_Supplied material_
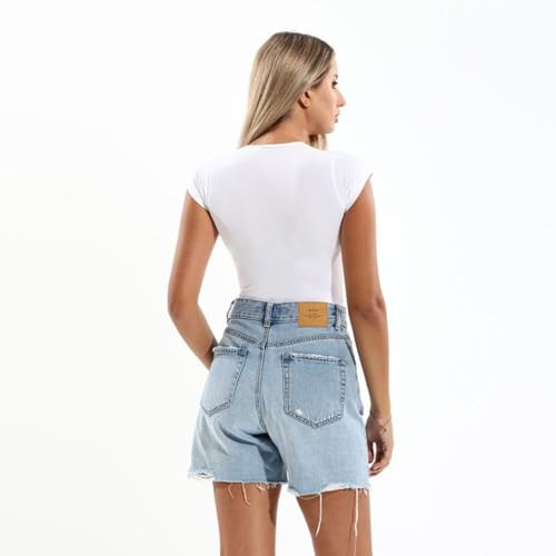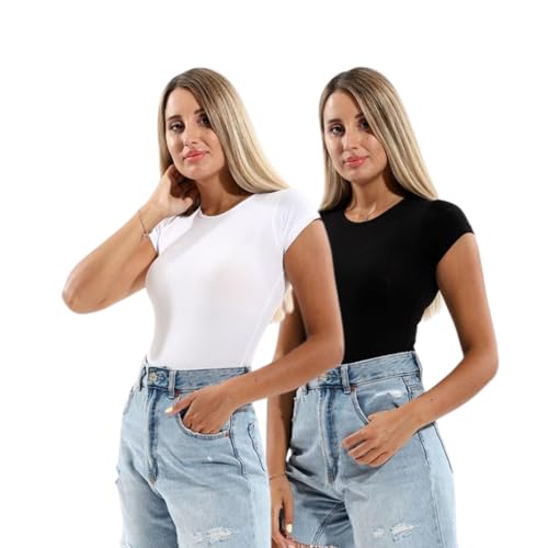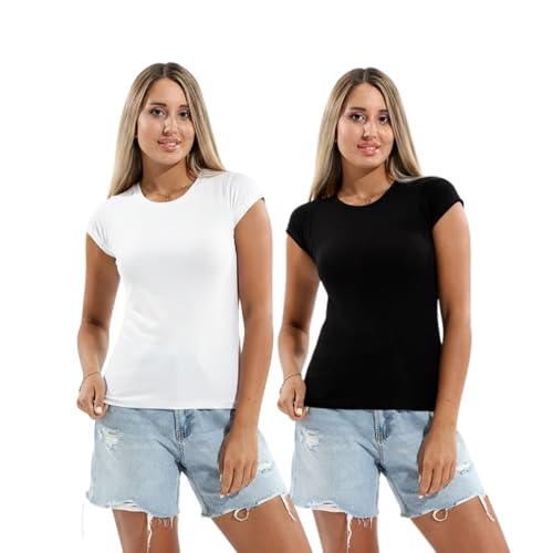 Cottonil - قطونيل توب بيسيك من القطن للنساء برقبة دائرية واكمام قصيرة، بلوزة كاجوال بقصة ضيقة، عبوة من قطعتين، اسود وابيض
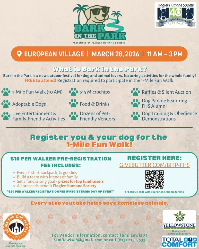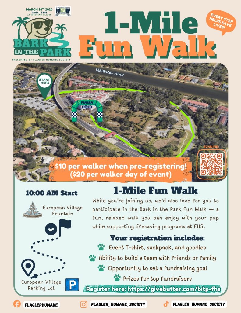 Every step you take at Bark in the Park directly supports Flagler Humane Societyβs mission to save and improve the lives of animals through compassionate care, lifesaving programs, education, and advocacy.
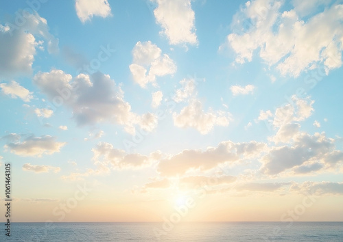The blue sky is covered with white clouds and the sun sets on the sea surface. The sky's color gradient gradually changes from light yellow to deep orange. A few thin and large cotton candy.
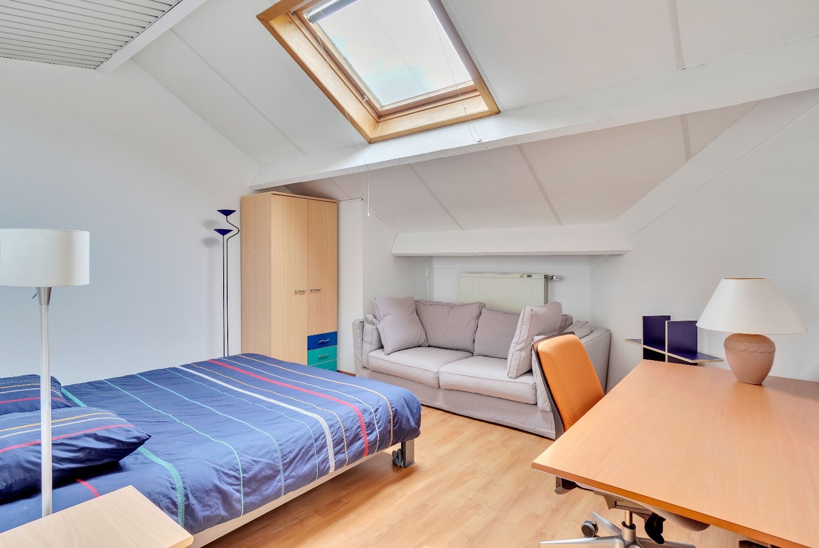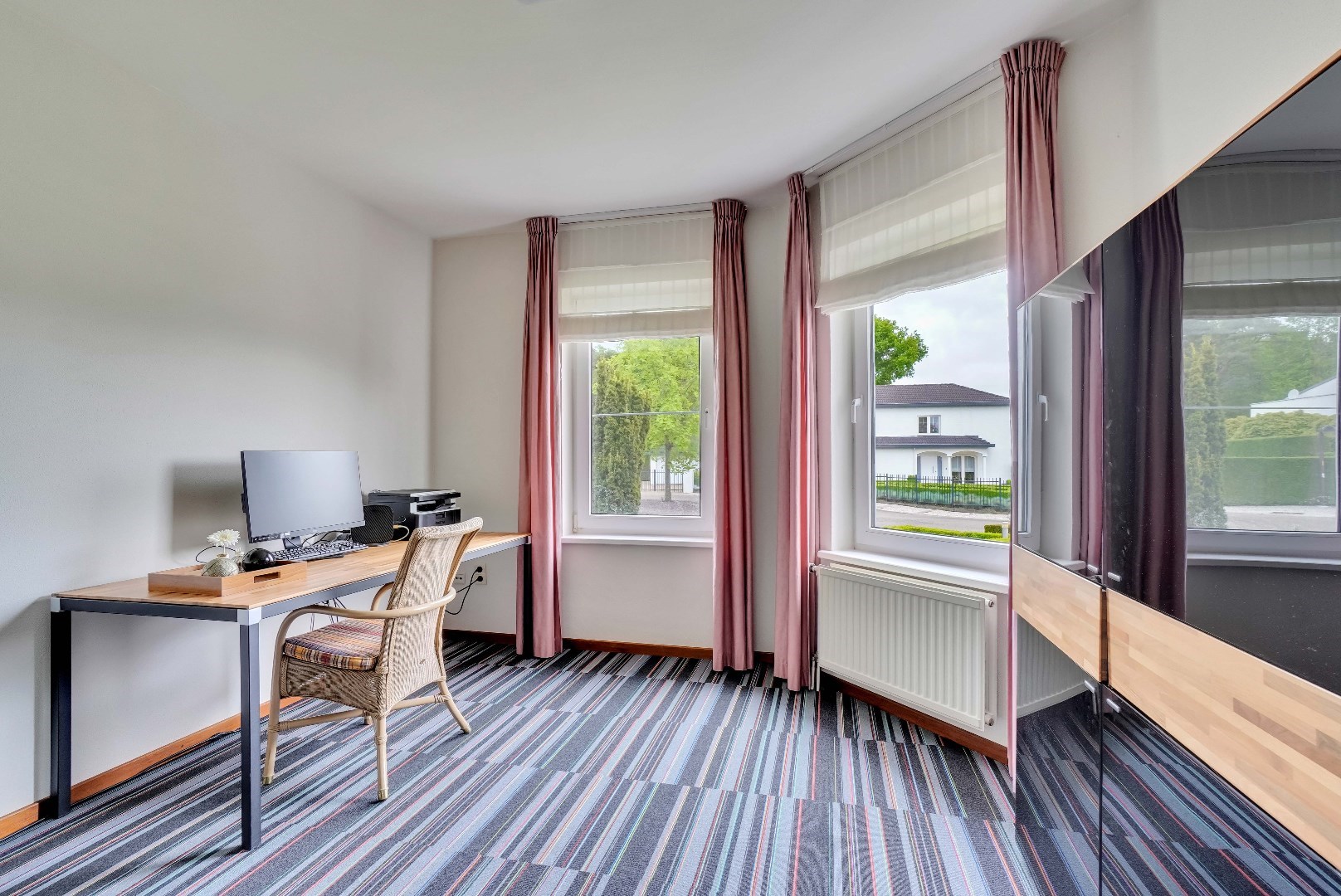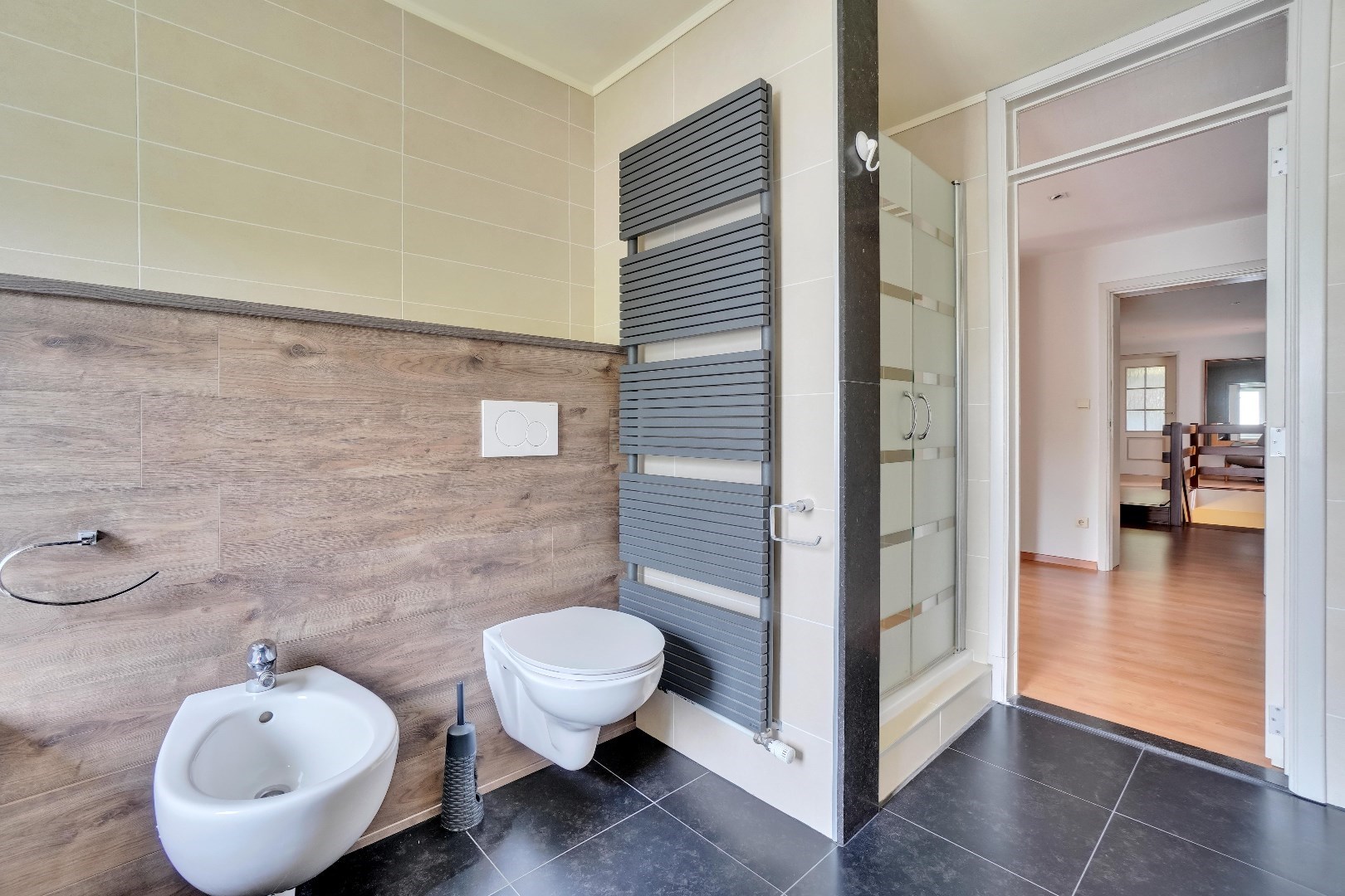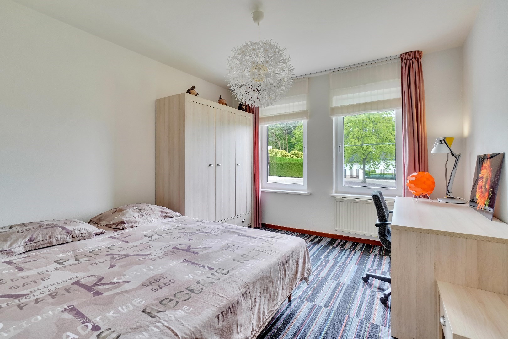 Op het gelijkvloers bevinden zich ook twee slaapkamers. Eén van de slaapkamers is momenteel ingericht als een bureau, wat ideaal is voor wie vanuit huis werkt of een rustige werkruimte nodig heeft.

_Work instruction_
Each line of the data should be printed again exactly. Please leave pictures out.

_Response to this task_
 Cottonil - قطونيل توب بيسيك من القطن للنساء برقبة دائرية واكمام قصيرة، بلوزة كاجوال بقصة ضيقة، عبوة من قطعتين، اسود وابيض
 Every step you take at Bark in the Park directly supports Flagler Humane Societyβs mission to save and improve the lives of animals through compassionate care, lifesaving programs, education, and advocacy.
The blue sky is covered with white clouds and the sun sets on the sea surface. The sky's color gradient gradually changes from light yellow to deep orange. A few thin and large cotton candy.
 Op het gelijkvloers bevinden zich ook twee slaapkamers. Eén van de slaapkamers is momenteel ingericht als een bureau, wat ideaal is voor wie vanuit huis werkt of een rustige werkruimte nodig heeft.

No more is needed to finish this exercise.